# SF Command welcomes new command sergeant major



## Ravage (Apr 11, 2008)

FORT BRAGG, N.C. (USASOC News Service, April 11, 2008) – The U.S. Army Special Forces Command says goodbye to one command sergeant major and says hello to another at an assumption of responsibility ceremony at Meadows Field on April 11, 2008.

Command Sgt. Maj. Mario G. Vigil assumed responsibility of USASFC from Command Sgt. Maj. Parry L. Baer in the ceremony.

Maj. Gen. Thomas R. Csrnko reflected on a memory in the youth of his friendship with Vigil.  During a training exercise, Csrnko, playing the part of a casualty, was being administered an IV. An inexperienced team member tried five times to insert the IV into Csrnko’s arm. Vigil was quick to step in and say, “I got it.”

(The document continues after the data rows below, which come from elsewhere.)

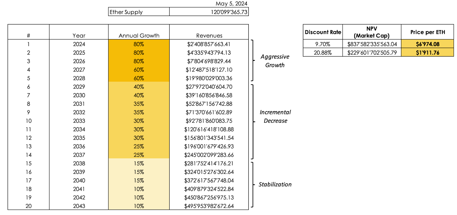 - Future cash flows: We propose a slight variation of the three-stage growth model to project Ethereum’s future cash flows. Specifically, we forecast an initial period of aggressive growth, followed by an incremental decrease that eventually stabilizes at a more moderate growth rate.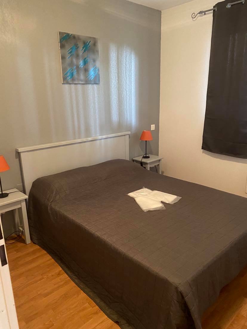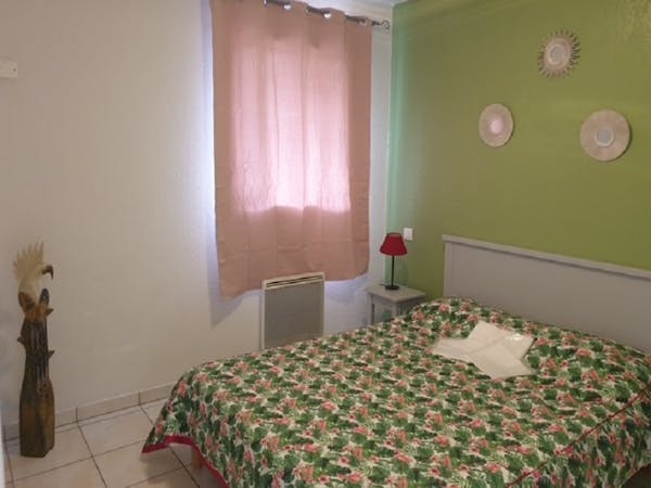 Accommodation for 2 to 4 people with 1 bedroom with a double bed, bathroom, toilet, living room and and equipped kitchen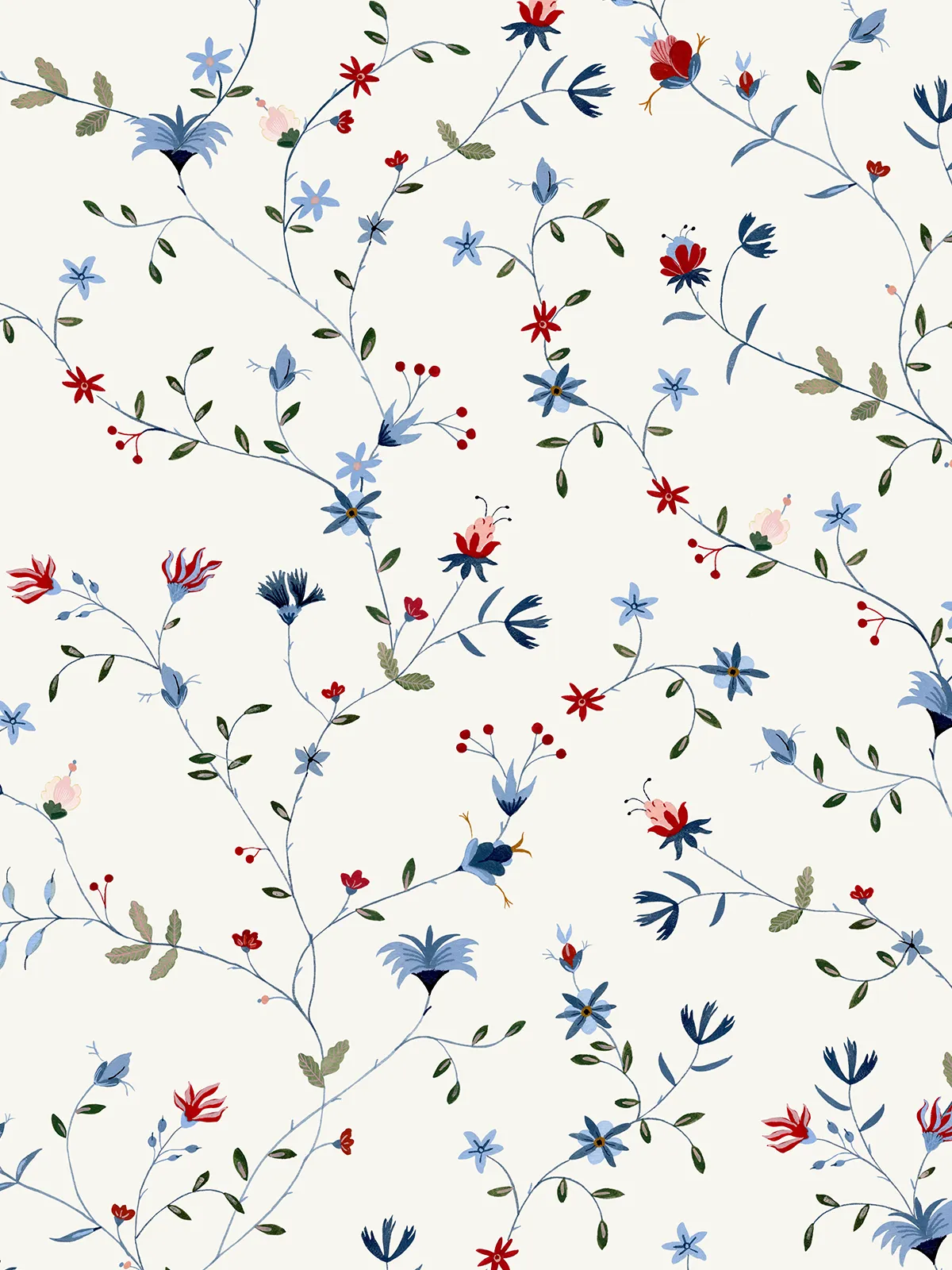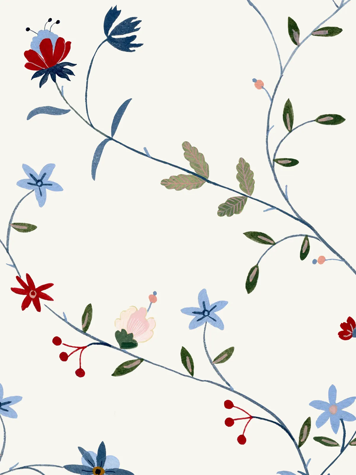 O Folk cria um desenho contínuo e orgânico, onde os ramos percorrem a parede de forma fluida, conectando flores e pequenos elementos ao longo do caminho. A composição tem um movimento natural, como se o desenho estivesse em crescimento.

Csrnko remembers from that point forward Vigil was there to care of him and he is honored to work with him again.

“This is the right individual to be this regimental command sergeant major at the right time,” Csrnko said.

During his remarks, Vigil confesses “I’m not here solely on my accomplishments and I understand that, I’m here because of the fine Soldiers I have served with over the last 26 years.” 

 “I take very seriously my responsibility as a regimental sergeant major,” Vigil continued. “I know my job is to enable to groups, our Soldiers, and our detachments to be successful on the battlefield.”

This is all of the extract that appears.